- [Provided material]:
★ ★ ★

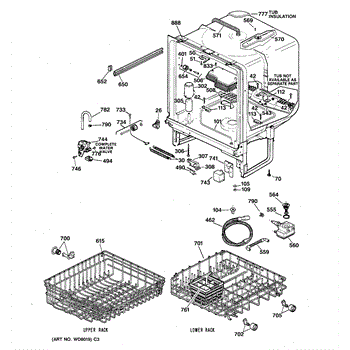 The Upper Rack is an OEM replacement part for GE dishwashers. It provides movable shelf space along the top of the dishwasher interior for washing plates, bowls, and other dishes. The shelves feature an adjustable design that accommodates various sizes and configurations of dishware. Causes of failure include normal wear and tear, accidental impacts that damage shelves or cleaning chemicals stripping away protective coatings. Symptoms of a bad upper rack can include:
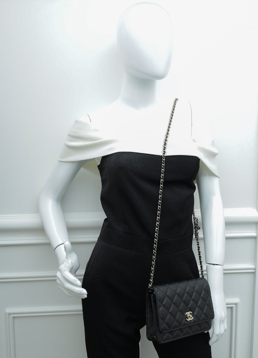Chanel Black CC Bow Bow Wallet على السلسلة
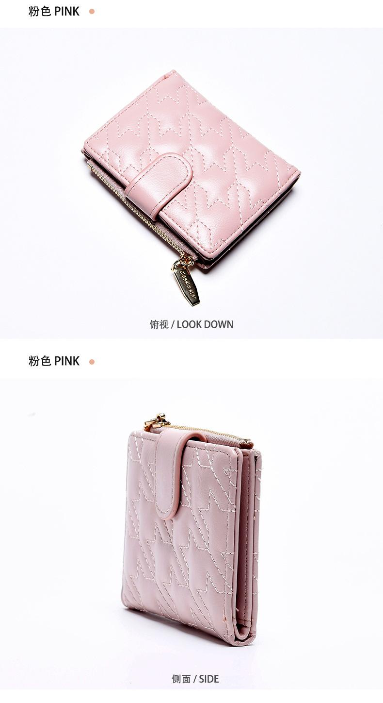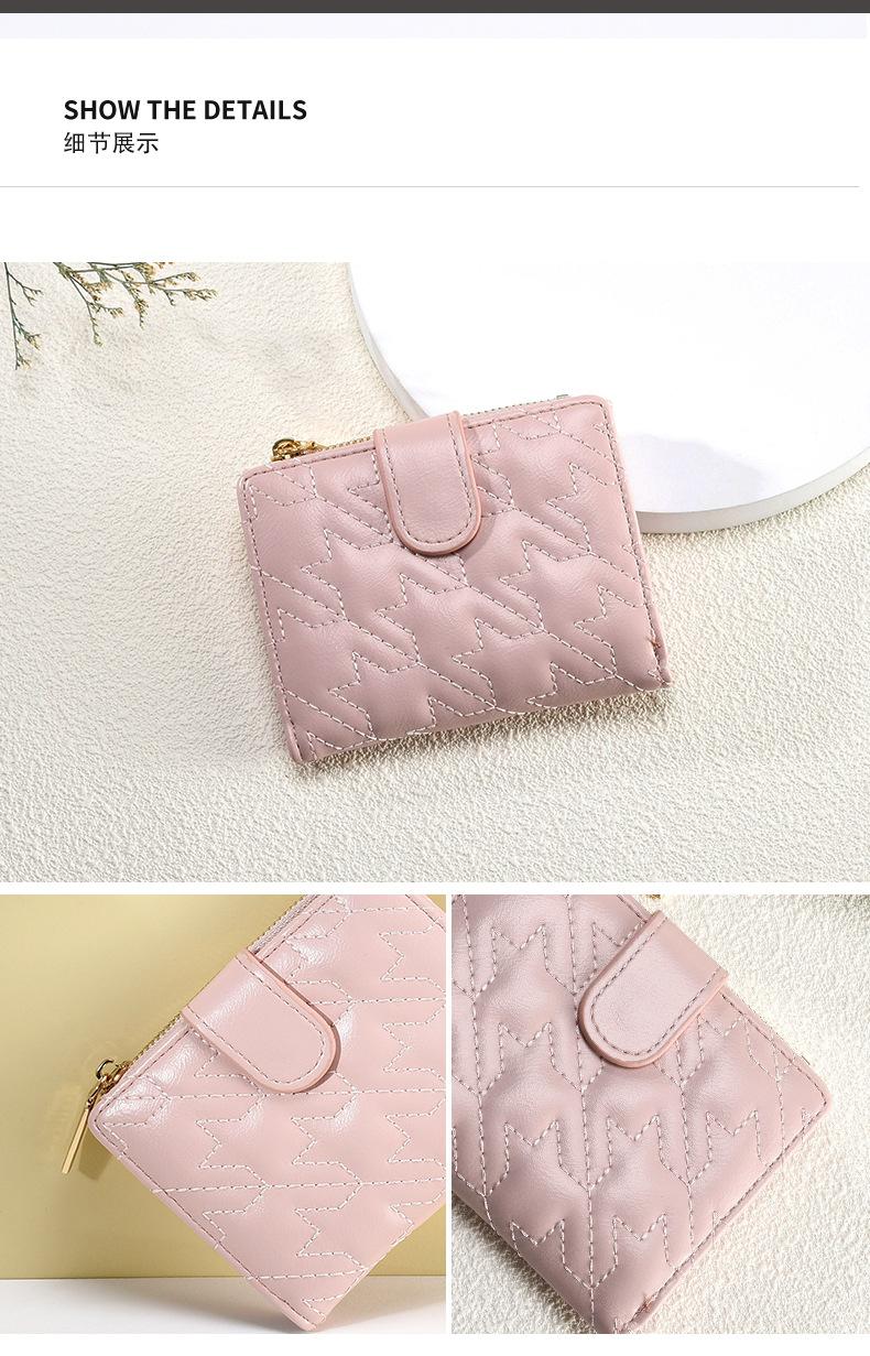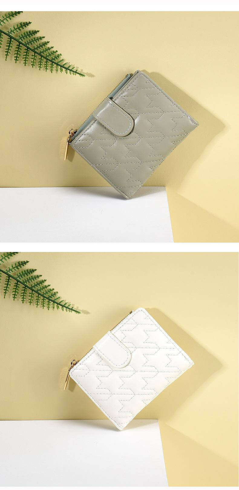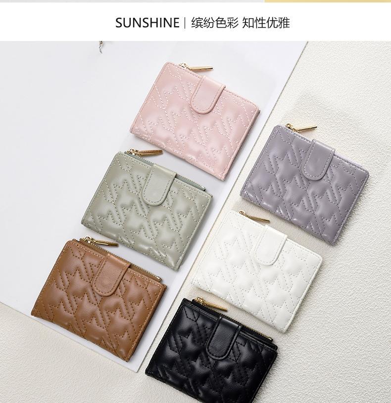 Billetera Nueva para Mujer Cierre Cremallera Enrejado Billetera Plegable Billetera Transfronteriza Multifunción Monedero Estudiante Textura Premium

★ ★ ★

All the material above must be copied exactly, and no picture belongs in the copy.

- [Response to the exercise]:
 The Upper Rack is an OEM replacement part for GE dishwashers. It provides movable shelf space along the top of the dishwasher interior for washing plates, bowls, and other dishes. The shelves feature an adjustable design that accommodates various sizes and configurations of dishware. Causes of failure include normal wear and tear, accidental impacts that damage shelves or cleaning chemicals stripping away protective coatings. Symptoms of a bad upper rack can include:
Chanel Black CC Bow Bow Wallet على السلسلة
 Billetera Nueva para Mujer Cierre Cremallera Enrejado Billetera Plegable Billetera Transfronteriza Multifunción Monedero Estudiante Textura Premium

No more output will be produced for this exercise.